Task prompt: A faithful copy is needed of the lines below from the one with "Bureau évolutif enfant" up to and including the one with "该动作用于测试颈椎和神经问题"; set it down with no pictures and no other lines.

Dataset records:

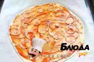 2. Разложить на тесто тонкие полукольца фиолетового лука.
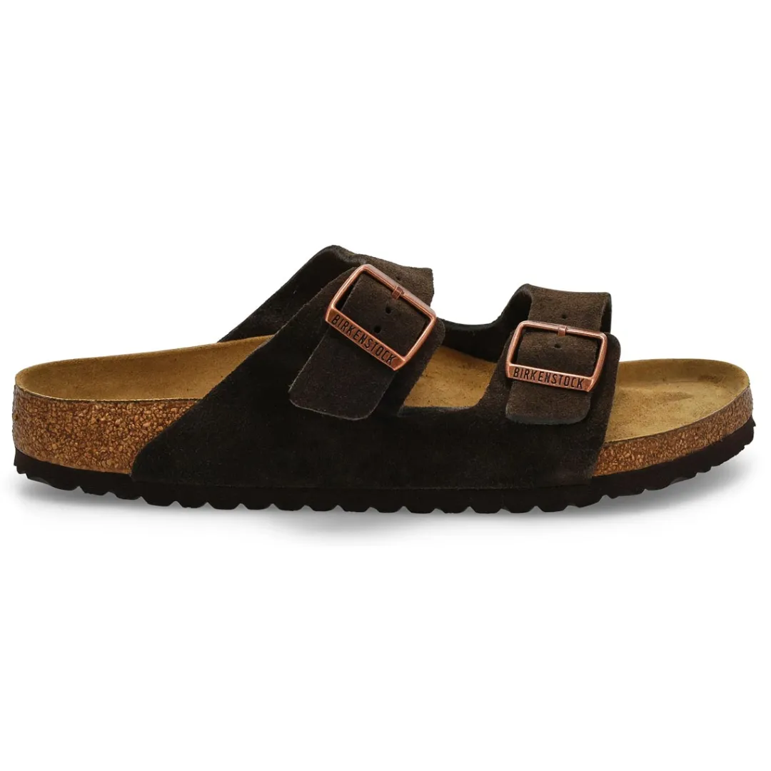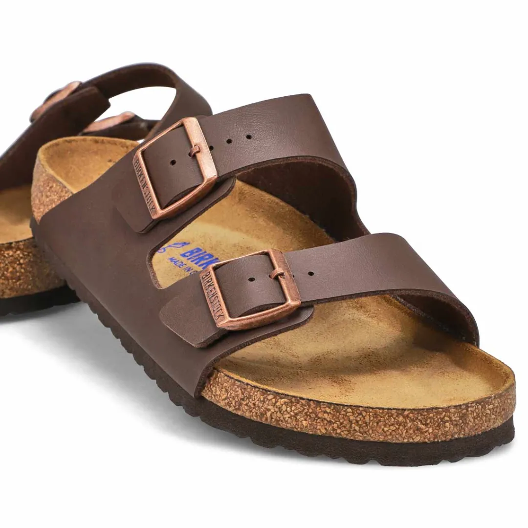 The Arizona Oiled Leather 2 strap upper from Birkenstock with a contoured cork footbed conforms to the shape of your foot and features pronounced arch support. Durable EVA outsole, cork footbed molds to each individual foot to provide a custom fit. This Birkenstock sandal is a genuine classic, emphasizing the handcrafted and natural look of stylish sandals. A comfort legend and a fashion staple.
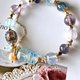 這條手鍊的配色非常特別,它不是單調的同色系,而是由冷暖交織、深淺變化的色彩組成。拓帕貔貅的冰藍、紫鋰輝的柔粉、堇青石的深邃,搭配金色的小配件和一顆精緻的裝飾墜飾,讓它無論是搭配優雅的裙裝,還是休閒的牛仔褲,都能瞬間提升妳的氣質與時尚度。
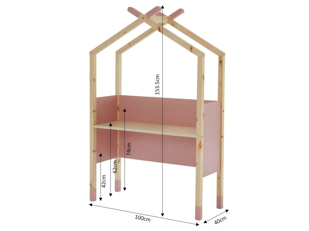 Bureau évolutif enfant en forme de tipi TINY – Structure en MDF et bois massif de pin – Revêtement mélaminé rose – Dimensions : L100 x P40 x H153,5cm
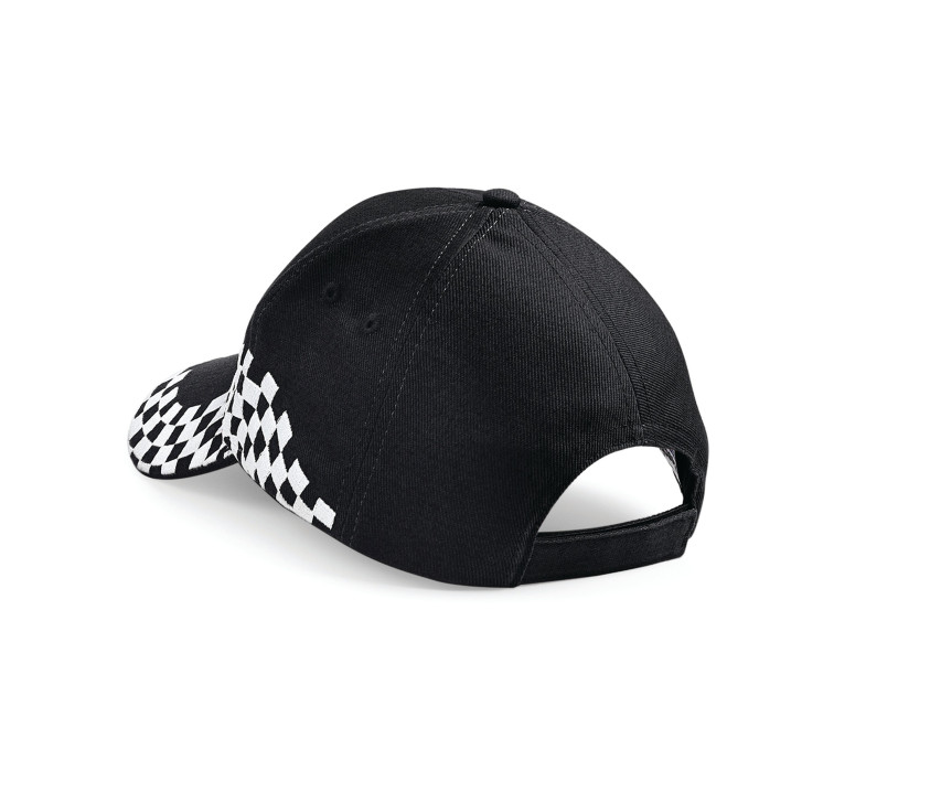 Broderie drapeau à damiers. Fermeture par Rip-Strip®. Parfaite pour la sérigraphie et la broderie. Tour de tête : 58cm. Visière en polyéthylène recyclé, un matériau résistant, léger et flexible.
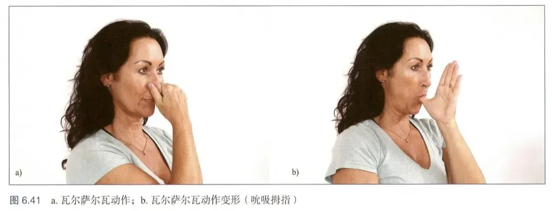 该动作用于测试颈椎和神经问题,能够增加颈椎压力,任何占位性病变都会因压力上升而症状加重,如椎间盘脱出引起的神经痛。下图a展示了捏住鼻子并尝试向外鼓气来平衡耳内压力,图b展示了另一种方法,吸吮拇指或往拇指外吹气。
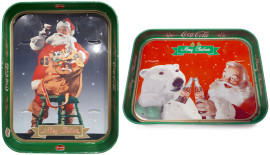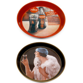 Piccola rara collezione di vassoi e locandine in latta a marchio Coca Cola composta da due vassoi rettangolari cm 21x28, due vassoi tondi diametro cm 35 e 30, due locandine in latta cm 50x30 e 35x28
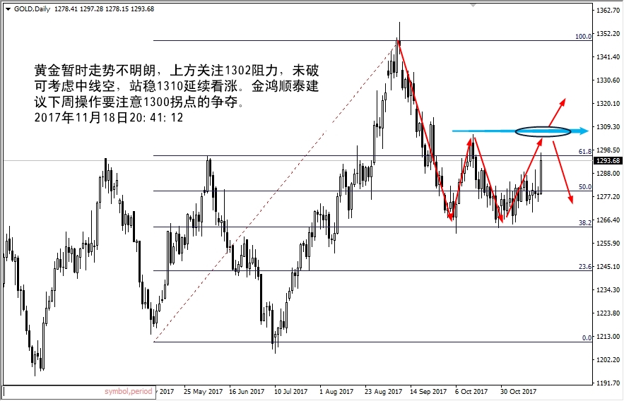 邹鑫悦:11.19国际黄金平缓中走强,黄金下周解析 我知道大多数人都是以短线操作为主,周五凌晨黄金的一波上涨我知道很多人跟我一样都是做了空,说实话我真没想到会这样涨上去了,要不是朝鲜搞事情中东局势紧张,加之通俄门事件取得进展碾压税改推进影响,我相信黄金后半夜是肯定会下跌的,现在说再多都是马后炮,鑫悦希望大
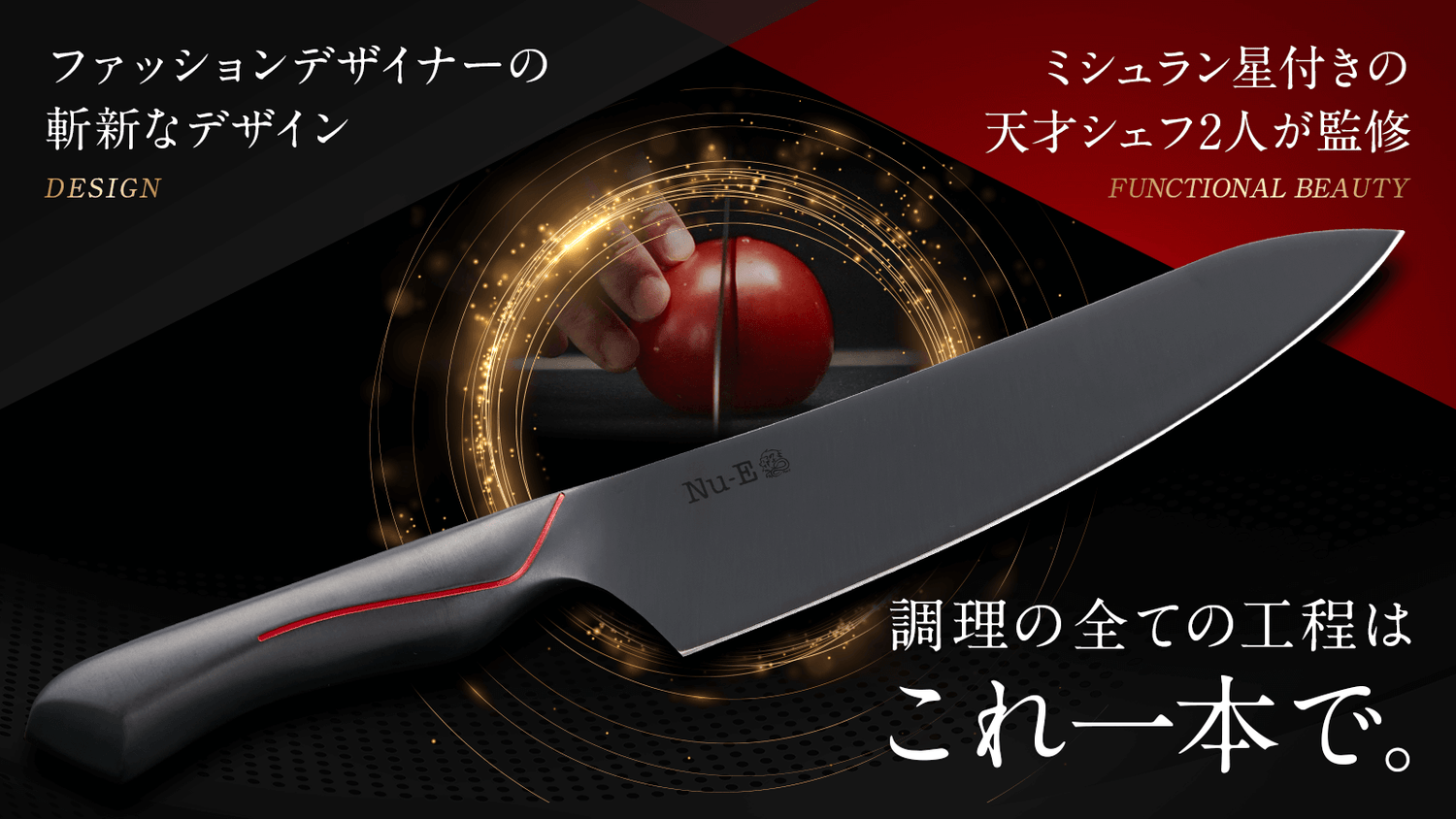 エルメスやミッシェルクラン等を手掛けたファッションデザイナー佐藤康司氏と、パリで一つ星を獲得した秋重信行シェフ(Automne)、同じく一つ星を獲得した中谷慎祐シェフ(Restaurant NAKATANI)と共に、シェフズナイフ(万能包丁)『Nu-E(ヌエ)』を完成させました。
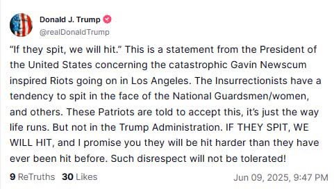 "Это заявление в связи с катастрофическими беспорядками в Лос-Анджелесе, вдохновленными Гэвином Ньюсомом. Участники мятежа имеют тенденцию плевать в лицо солдатам Национальной гвардии – мужчинам и женщинам – и другим. Этим патриотам говорят, что им нужно это терпеть, мол, так устроена жизнь. Но не при администрации Трампа. Если они плюнут – мы ударим, и я обещаю вам, что ударим их сильнее, чем их когда-либо били раньше. Такое неуважение не будет терпимо!" – написал президент США.
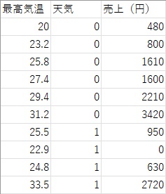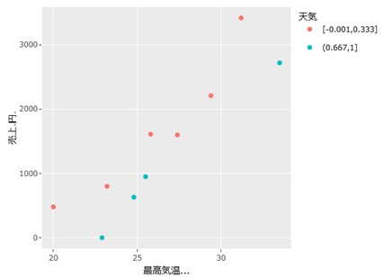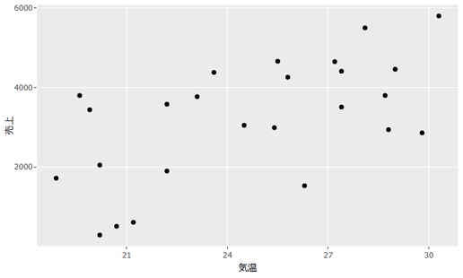 気温と売上の関係だけを見ると、気温が上がるほど売上が高そうですが、強い関係ではないように見えます。
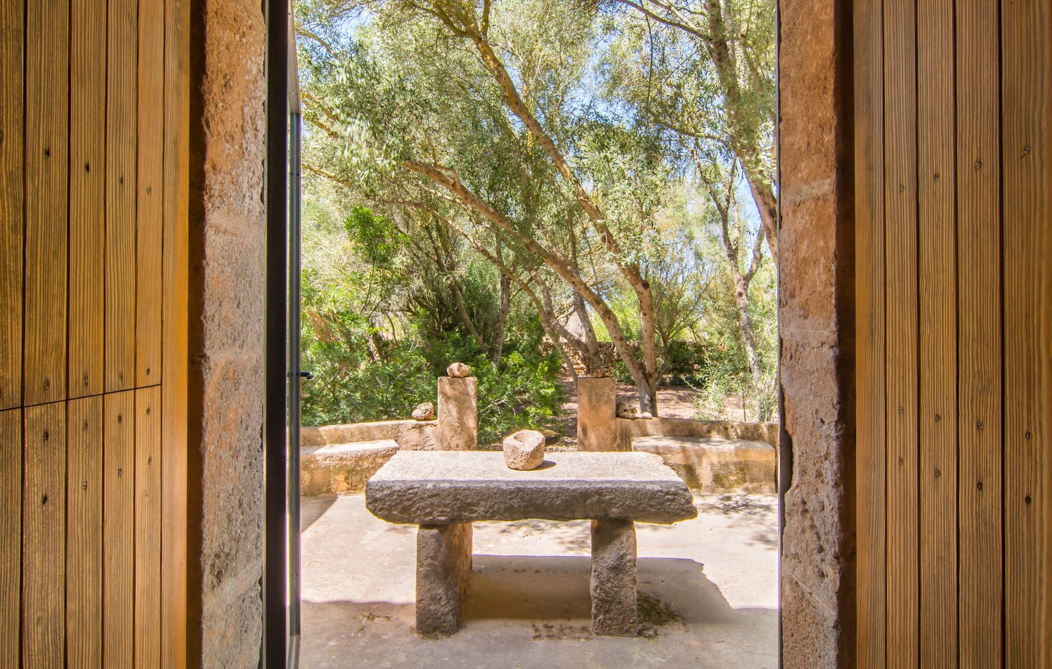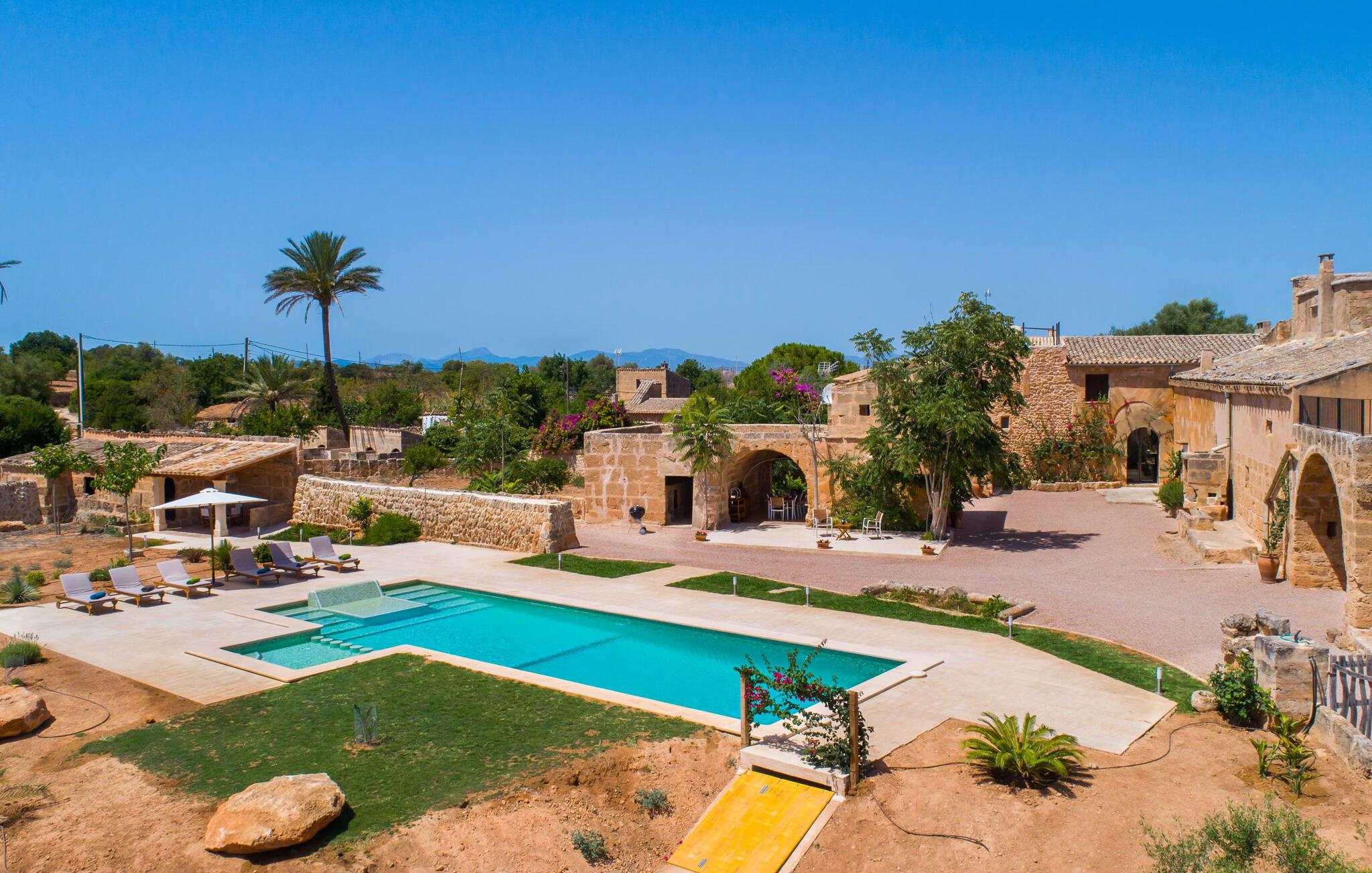 Es gibt Villen, die einem das Gefühl vermitteln, dass einem halb Mallorca zu Füßen liegt. Dies ist bei der Villa „Son Delabau Gran“ der Fall. Sobald Sie das weitläufige Anwesen nach einer kurzen Fahrt vom mallorquinischen Flughafen erreichen, stellt sich unweigerlich das Gefühl von zeitlosem Luxus ein. Trotz der attraktiven Nähe zu aufregenden Städten wie Palma oder Llucmajor versprüht der Blick auf die umliegende Landschaft pure Landidylle. Und vielleicht erinnert Sie die gewölbte Terrasse auch an die tolle Zeit Ihrer Kindheit, als Sie eine besondere Vorliebe für Schlösser hatten, die wie aus einem Märchen wirken. Schmale Stufen, die den Eindruck eines antiken Wahrzeichens vermitteln, führen zu einer hübschen Dachterrasse, auf der Sie die Sonne der Insel genießen können. Das Poolwasser glitzert verführerisch in der Sonne, dem kann man vielleicht nicht lange widerstehen. Und warum sollten Sie? Zu der wohltuenden Wirkung des Wassers gehört schließlich auch, dass das Essen danach deutlich besser schmeckt. Vor allem, wenn es in einer so gemütlichen Außenküche zubereitet wurde, die perfekt für ein großes BBQ ausgestattet ist. Wenn Sie auf einer der Liegen liegen und den Sonnenuntergang beobachten oder eine der Sitzecken – etwa die Pergola oder die Chill-Out-Lounge – nutzen, um ein Glas Inselwein zu probieren, werden Sie wissen: Sie haben alles richtig gemacht, a Mehr Bilderbuch-Idylle gibt es nicht. Wildromantische Rosen klettern an der steinernen Mauerfront im Eingangsbereich empor.
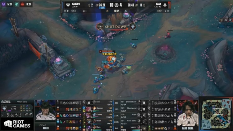 【26:34】中路Duro牛头被G2四人逮捕,Hans Sama随后再中路被Chovy阿萝拉开大框住后,Ruler烬一发将其带走。中路混战,Canyon一拳带走Caps,GEN打出2换5团灭G2,随后Canyon与Ruler两人吃掉大龙,GEN经济领先1w。
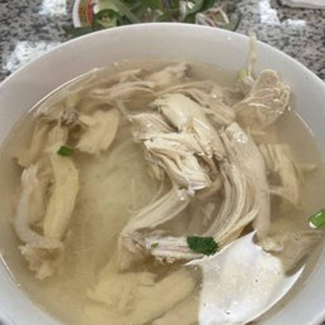 A flavorful Vietnamese noodle soup featuring a delicate and aromatic chicken broth, tender shredded chicken, rice noodles, and garnished with fresh herbs like cilantro, Thai basil, and bean sprouts. Served with a side of lime wedges, jalapenos, and hoisin and sriracha sauces for customization.
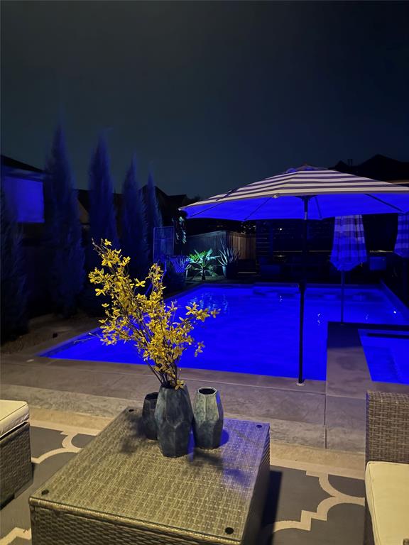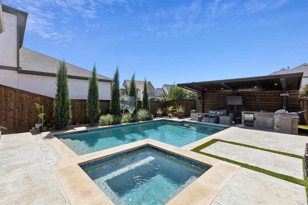 Custom built by Southgate in Angel Field West, this home truly blends high quality finishes, energy smart systems, and thoughtful details. 44 Panasonic solar panels with Enphase inverters are PAID OFF and save an est. 5 to 6k in annual electric costs! A treelined walkway to the shaded front porch sets the stage before you step inside to find premium 5in wood floors throughout the first level, stairs and game room. Decorative lighting, solid wood doors, soaring ceilings. The kitchen features an oversized quartz island, pendant lighting, double ovens, pot filler, 6 burner gas cooktop, wood vent hood, and cabinets stacked to the ceiling. Breakfast area overlooks the sparkling pool with custom automated roll up shades. Living room with stone gas fireplace, prewired with speakers and wood beams. The primary bath has a freestanding tub, oversized shower, and dual quartz vanities with a walk in closet that connects the laundry room with a sink. Another bedroom on the main level close to a full bath. Covered back patio with fireplace and automated 16ft patio shade. Top of the line 2023 pool and spa with Pentair equipment and automation. Spa has 8 massage jets and bubble feature; pool with water feature and color changing LED lights. Fully equipped outdoor kitchen with custom wood pergola, TV mount, backyard turf and a Zen hammock garden with lighting. Holiday light outlets with switch in stair storage closet. Second level game room, media room and 2 additional bedrooms, 1 bedroom with an ensuite bath and balcony. Media room prewired for 7.1 sound and 155in screen. This smart home is loaded and energy efficient! Alexa enabled roll up blinds, electronic water main valve in the mud room. Tesla Powerwall 2 battery for uninterrupted power during outages, tankless water heater, radiant barrier, water softener w. microfiltration, reverse osmosis drinking water system, EV charging plug, and whole house surge protection. 3 car tandem garage with epoxy flooring and overhead storage.

Result for this task:
 Bureau évolutif enfant en forme de tipi TINY – Structure en MDF et bois massif de pin – Revêtement mélaminé rose – Dimensions : L100 x P40 x H153,5cm
 Broderie drapeau à damiers. Fermeture par Rip-Strip®. Parfaite pour la sérigraphie et la broderie. Tour de tête : 58cm. Visière en polyéthylène recyclé, un matériau résistant, léger et flexible.
 该动作用于测试颈椎和神经问题,能够增加颈椎压力,任何占位性病变都会因压力上升而症状加重,如椎间盘脱出引起的神经痛。下图a展示了捏住鼻子并尝试向外鼓气来平衡耳内压力,图b展示了另一种方法,吸吮拇指或往拇指外吹气。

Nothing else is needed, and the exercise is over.